Первобытный человек знал все это - все то, чего не знаем мы и что мы так охотно забываем; и он рассказывал об этих подвигах животных в своих сказках, украшая смелость и самопожертвова­ние их своею первобытной поэзией и подражая им в своих рели­гиозных обрядах, неправильно называемых теперь «танцами».

Еще менее первобытный дикарь мог не знать о больших пере­селениях животных. Он даже следовал за ними, как теперь делают чукчи, которые перекочевывают вслед за стадами диких оленей, когда тучи комаров гонят их из одной части Чукотского полуост­рова в другую, или как лапландец следует за стадами полу­ручных оленей в их не от него зависящих кочевках. И если мы, с нашей книжной ученостью и незнанием природы, не можем объ­яснить себе, как это животные, разбросанные группами по громад­ной территории, ухитряются собраться тысячами в данном месте, чтобы переплыть реку (как я это видел на Амуре) или двинуться на север, юг или запад, то наши предки, считавшие животных бо­лее мудрыми, чем самих себя, нисколько не удивлялись таким соглашениям, как и теперь не удивляются им дикари. Для них все животные - звери, птицы и рыбы - находятся в постоянном об­щении между собой. Они предостерегают друг друга едва замет­ными знаками или звуками; они осведомляют друг друга обо вся­кого рода событиях и таким образом составляют одно громадное сообщество, имеющее свои обычаи учтивого обращения и доброго соседства. Даже до сего дня глубокие следы такого понимания жизни животных сохранились в сказках и пословицах всех на­родов.

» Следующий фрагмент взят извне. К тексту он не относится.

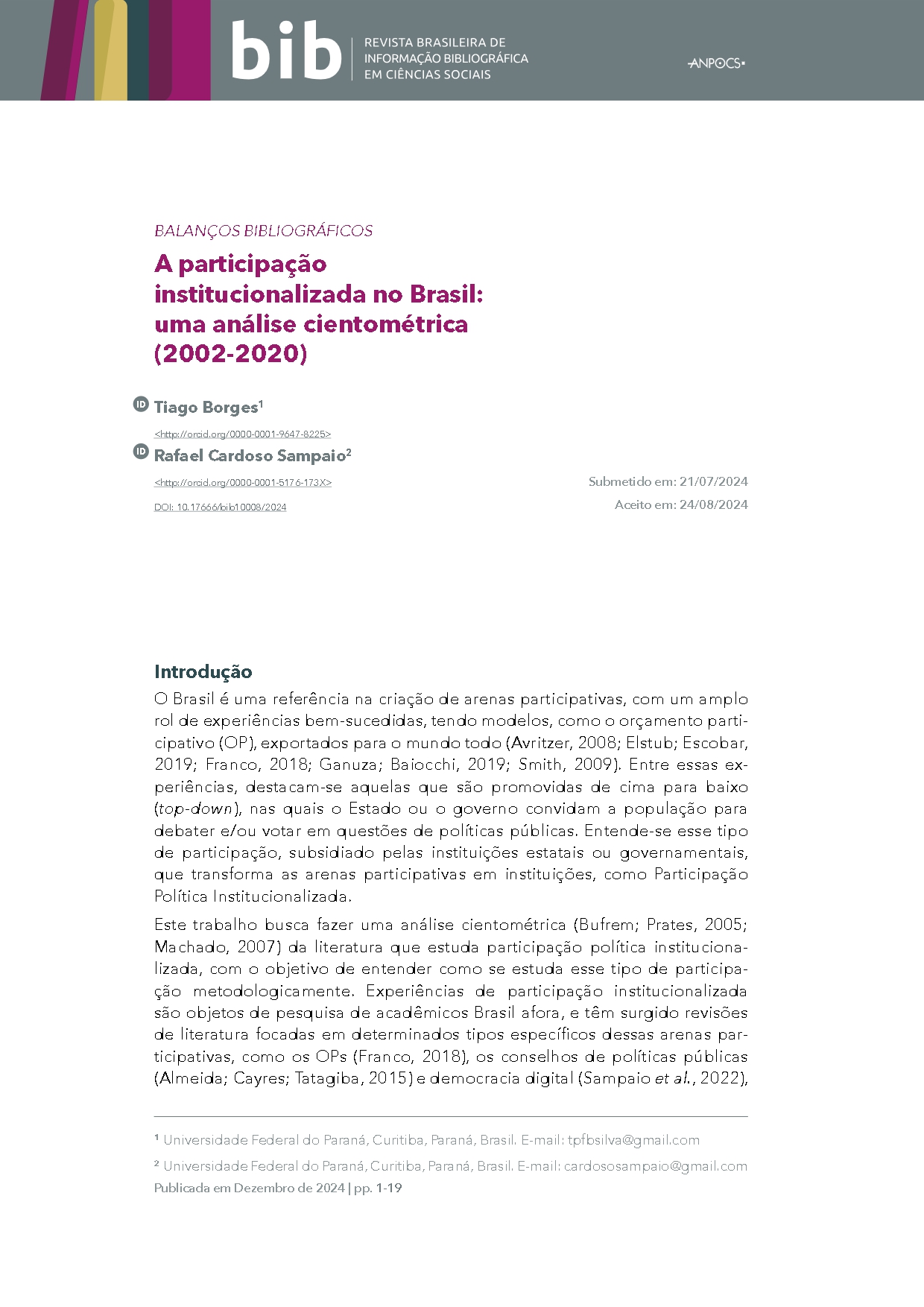 - Núcleos: GEPPADE/UNESP, NDAC/CEBRAP, NUPAD/UFES

От густонаселенных, оживленных и веселых поселений сурков, сусликов, тарбаганов 34 и т. п. и из колоний бобров, которыми засе­лены были реки послеледникового периода, первобытный чело­век - сам еще бродячее существо - мог узнать выгоды оседлости, прочного жилья и работы сообща. Даже теперь мы видим (я видел это полстолетия тому назад в Забайкалье), что кочевые скотоводы, которых непредусмотрительность поразительна, узнают у тарба­гана (Tamias striatus) пользу земледелия и запасливости, так как каждую осень они грабят его подземные склады и берут себе его запасы съедобных луковиц. Дарвин уже упоминает, как дикари в голодный год учились у обезьян-бабуинов 35, какие плоды каких деревьев и кустарников могут служить подспорьем в пище. Нет никакого сомнения, что амбары мелких грызунов с запасами вся­ких съедобных семян должны были подать человеку первую мысль о возделывании злаков. В сущности, священные книги Востока содержат немало упоминаний о запасливости и трудолюбии жи­вотных и ставят их в пример человеку.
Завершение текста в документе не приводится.